作者：Francesco Maria Molfese, Luca Moroni, Ciro Porcaro, Simone Conia, Roberto Navigli
备注：Submitted to ARR October 2025
摘要：虽然小语言模型（SLM）在越来越广泛的常识推理基准上表现出良好的性能，但目前的评估实践几乎完全依赖于其最终答案的准确性，忽略了导致这些答案的推理过程的有效性。为了解决这个问题，我们介绍了ReTraceQA，一个新的基准，介绍了过程级评估常识推理任务。我们的专家注释数据集显示，在相当大的一部分情况下（14-24%），SLM提供了正确的最终答案，尽管有缺陷的推理过程，这表明SLM的能力往往被高估的评估指标，只专注于比较最终答案与地面真相。事实上，我们表明，当使用强大的大型语言模型（LLM）作为自动判断的推理感知评估，而不是只回答指标时，SLM的性能在所有模型和数据集上都显着下降，得分下降高达25%。
摘要：While Small Language Models (SLMs) have demonstrated promising performance on an increasingly wide array of commonsense reasoning benchmarks, current evaluation practices rely almost exclusively on the accuracy of their final answers, neglecting the validity of the reasoning processes that lead to those answers. To address this issue, we introduce ReTraceQA, a novel benchmark that introduces process-level evaluation for commonsense reasoning tasks. Our expert-annotated dataset reveals that in a substantial portion of instances (14-24%), SLMs provide correct final answers despite flawed reasoning processes, suggesting that the capabilities of SLMs are often overestimated by evaluation metrics that focus only on comparing the final answer with the ground truth. Indeed, we show that when employing strong Large Language Models (LLMs) as automated judges for reasoning-aware evaluation rather than answer-only metrics, SLM performance drops significantly across all models and datasets, with scores decreasing by up to 25%.

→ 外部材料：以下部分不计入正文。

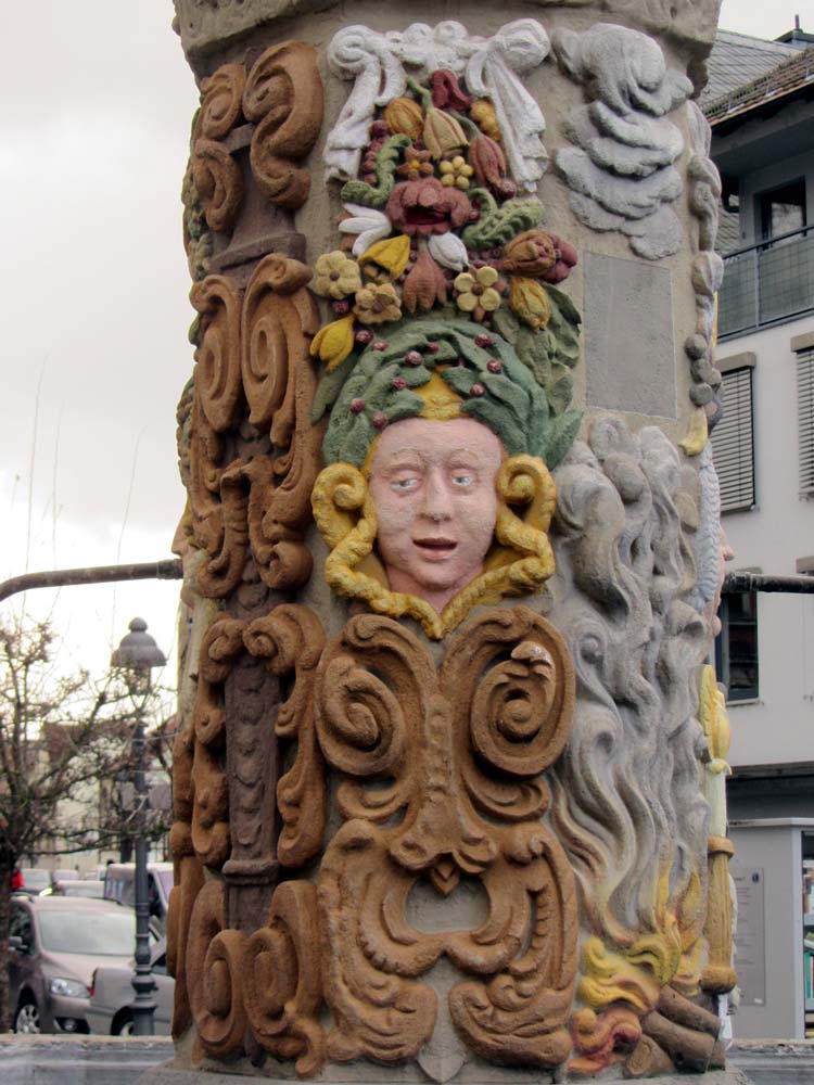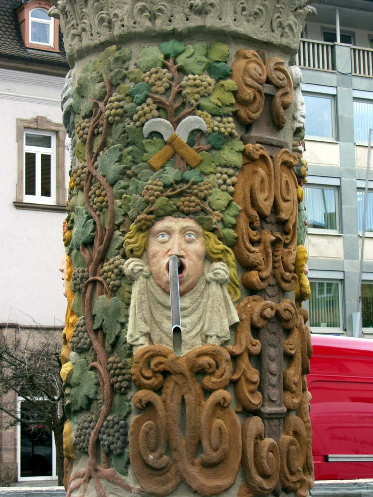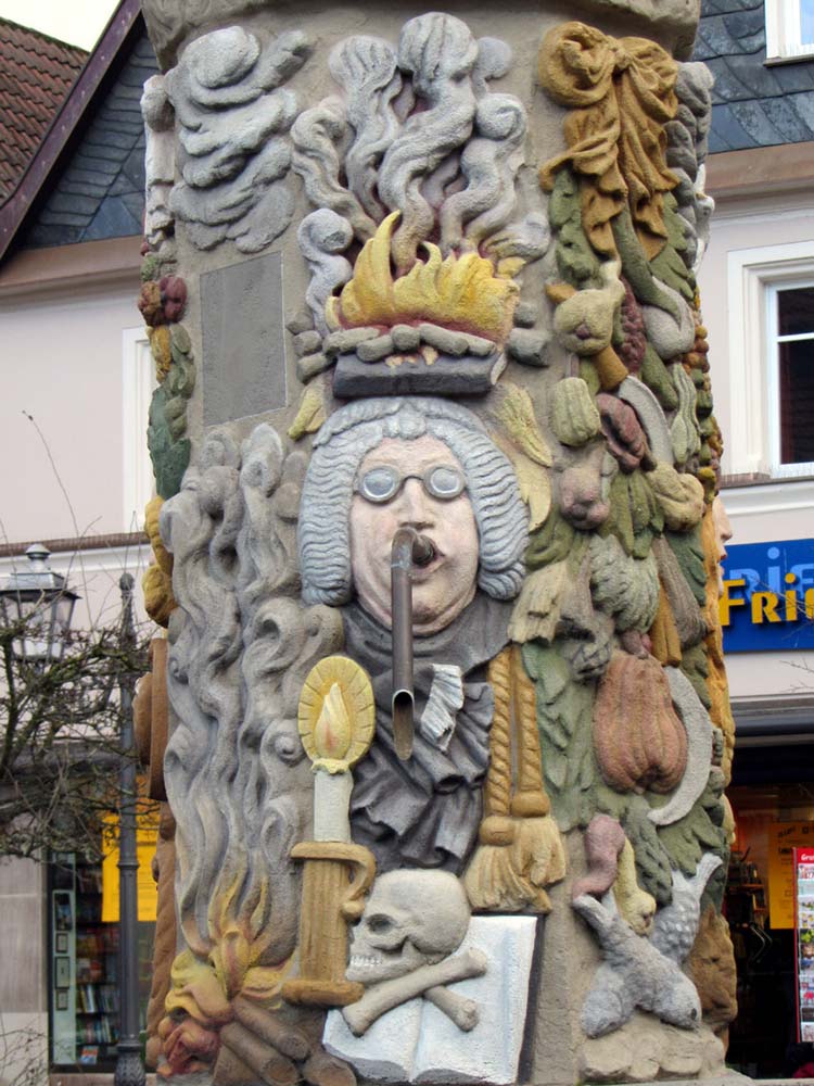 Das greise Gesicht mit der Perücke auf dem Kopf soll offensichtlich einen Gelehrten darstellen Die Brille bedeutet Weisheit. Wir haben uns viel Wissen angelesen. Die aufgeschlagene Bibel, auf der uns aber schon der Totenschädel das nahende Ende aufzeigt, unterstützt dies. Noch gelingt es der Kerze, die Mächte der Finsternis zu vertreiben, aber über dem Haupt lodert schon das Feuer, das alle menschliche Gelehrsamkeit in ein Nichts verwandeln wird. 2002 und 2015 wurde der sehr symbolträchtige Brunnen fachgerecht saniert und die in der Barockzeit übliche, kräftige Farbgebung wieder hergestellt.

【18】LLP: LLM-based Product Pricing in E-commerce
标题：LLP：电子商务中基于LLM的产品定价
链接：https://arxiv.org/abs/2510.09347

作者：Hairu Wang, Sheng You, Qiheng Zhang, Xike Xie, Shuguang Han, Yuchen Wu, Fei Huang, Jufeng Chen
摘要：与企业对消费者电子商务平台（例如，亚马逊），消费者对消费者平台上缺乏经验的个人卖家（例如，eBay）在有效地为二手产品定价方面经常面临重大挑战。因此，许多研究已经提出了自动化的价格预测。然而，它们中的大多数基于静态回归模型，其具有较差的泛化性能并且无法捕捉市场动态（例如，二手iPhone的价格随着时间的推移而下降）。受最近大型语言模型（LLM）突破的启发，我们引入了LLP，这是第一个基于LLM的二手产品定价生成框架。LLP首先检索类似产品，以更好地适应动态市场变化。然后，它利用LLM对自由文本中关键定价信息的细微理解来生成准确的价格建议。为了加强LLM对检索到的产品的领域推理，我们在通过双向推理构建的数据集上应用了两阶段优化，监督微调（SFT），然后是组相对策略优化（GRPO）。此外，LLP采用基于信任的过滤机制来拒绝不可靠的价格建议。大量的实验表明，LLP大大超过现有的方法，同时推广以及看不见的类别。我们已经成功在鲜柚上部署了LLP\脚注\{鲜柚是中国最大的二手电商平台。\}大大优于以前的定价方法。在相同的30%产品覆盖率下，静态采用率（SAR）从40%提高到72%，在90%召回率下仍保持47%的高SAR。
摘要：Unlike Business-to-Consumer e-commerce platforms (e.g., Amazon), inexperienced individual sellers on Consumer-to-Consumer platforms (e.g., eBay) often face significant challenges in setting prices for their second-hand products efficiently. Therefore, numerous studies have been proposed for automating price prediction. However, most of them are based on static regression models, which suffer from poor generalization performance and fail to capture market dynamics (e.g., the price of a used iPhone decreases over time). Inspired by recent breakthroughs in Large Language Models (LLMs), we introduce LLP, the first LLM-based generative framework for second-hand product pricing. LLP first retrieves similar products to better align with the dynamic market change. Afterwards, it leverages the LLMs' nuanced understanding of key pricing information in free-form text to generate accurate price suggestions. To strengthen the LLMs' domain reasoning over retrieved products, we apply a two-stage optimization, supervised fine-tuning (SFT) followed by group relative policy optimization (GRPO), on a dataset built via bidirectional reasoning. Moreover, LLP employs a confidence-based filtering mechanism to reject unreliable price suggestions. Extensive experiments demonstrate that LLP substantially surpasses existing methods while generalizing well to unseen categories. We have successfully deployed LLP on Xianyu\footnote\{Xianyu is China's largest second-hand e-commerce platform.\}, significantly outperforming the previous pricing method. Under the same 30\% product coverage, it raises the static adoption rate (SAR) from 40\% to 72\%, and maintains a strong SAR of 47\% even at 90\% recall.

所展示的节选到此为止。